FKauwe · web-flow · commit c8829ead609d · 2026-01-30T16:14:09.000Z
fix SSRF vulnerability in proxy.ts
diff --git a/.changeset/rich-swans-draw.md b/.changeset/rich-swans-draw.md
@@ -0,0 +1,5 @@
+---
+'@shopify/theme': patch
+---
+
+Protect SSRF vulnerability in proxy requests when hosts don't match
diff --git a/packages/theme/src/cli/utilities/theme-environment/proxy.test.ts b/packages/theme/src/cli/utilities/theme-environment/proxy.test.ts
@@ -1,4 +1,10 @@
-import {canProxyRequest, getProxyStorefrontHeaders, injectCdnProxy, patchRenderingResponse} from './proxy.js'
+import {
+  canProxyRequest,
+  getProxyStorefrontHeaders,
+  injectCdnProxy,
+  patchRenderingResponse,
+  proxyStorefrontRequest,
+} from './proxy.js'
 import {describe, test, expect} from 'vitest'
 import {createEvent} from 'h3'
 import {IncomingMessage, ServerResponse} from 'node:http'
@@ -338,4 +344,18 @@ describe('dev proxy', () => {
       expect(canProxyRequest(event)).toBeTruthy()
     })
   })
+  describe('proxyStorefrontRequest', () => {
+    test('should reject hostname mismatch and throw error for non-CDN paths (SSRF protection)', async () => {
+      const event = createH3Event('GET', '//evil.com/some-path')
+      await expect(proxyStorefrontRequest(event, ctx)).rejects.toThrow(
+        'Request failed: Hostname mismatch.
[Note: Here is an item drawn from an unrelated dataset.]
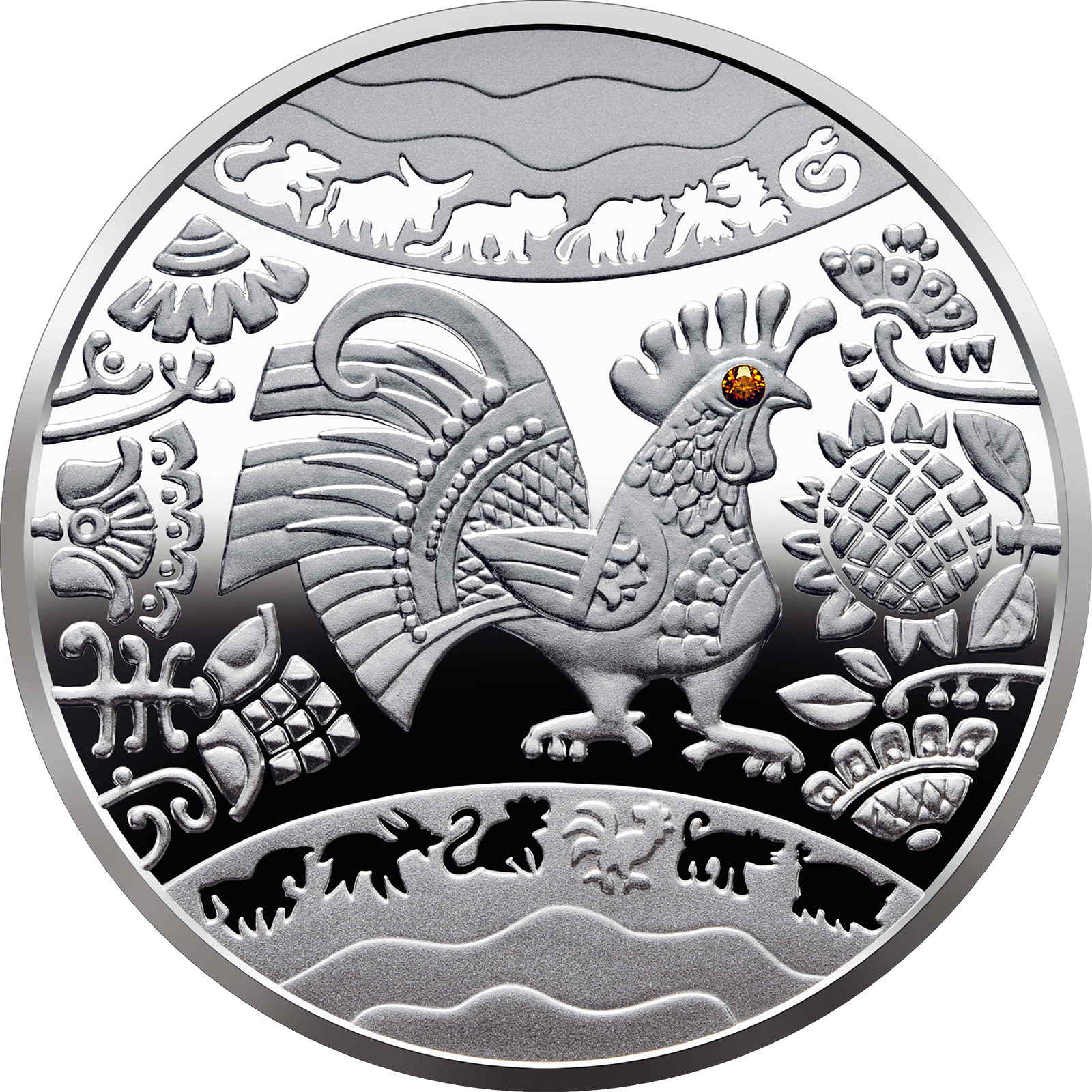 Опис: В оточенні стилізованого квіткового орнаменту зображено півня, виконаного в стилі лубок. Око півня прикрашено жовтим кубічним цирконієм. Над і під цією композицією розміщені ескізи всіх 12 символів китайського календаря.

Expected host: my-store.myshopify.com. Resulting URL hostname: evil.com',
+      )
+    })
+    test('should reject hostname mismatch and throw error for CDN paths (SSRF protection)', async () => {
+      const event = createH3Event('GET', '/ext/cdn//evil.com/some-path')
+      await expect(proxyStorefrontRequest(event, ctx)).rejects.toThrow(
+        'Request failed: Hostname mismatch. Expected host: cdn.shopify.com. Resulting URL hostname: evil.com',
+      )
+    })
+  })
 })
diff --git a/packages/theme/src/cli/utilities/theme-environment/proxy.ts b/packages/theme/src/cli/utilities/theme-environment/proxy.ts
@@ -293,6 +293,13 @@ export function proxyStorefrontRequest(event: H3Event, ctx: DevServerContext): P
   const host = event.path.startsWith(EXTENSION_CDN_PREFIX) ? 'cdn.shopify.com' : ctx.session.storeFqdn
   const url = new URL(path, `https://${host}`)
 
+  // Check that we aren't redirecting to external hosts
+  if (url.hostname !== host) {
+    return Promise.reject(
+      new Error(`Request failed: Hostname mismatch. Expected host: ${host}. Resulting URL hostname: ${url.hostname}`),
+    )
+  }
+
   // When a .css.liquid or .js.liquid file is requested but it doesn't exist in SFR,
   // it will be rendered with a query string like `assets/file.css?1234`.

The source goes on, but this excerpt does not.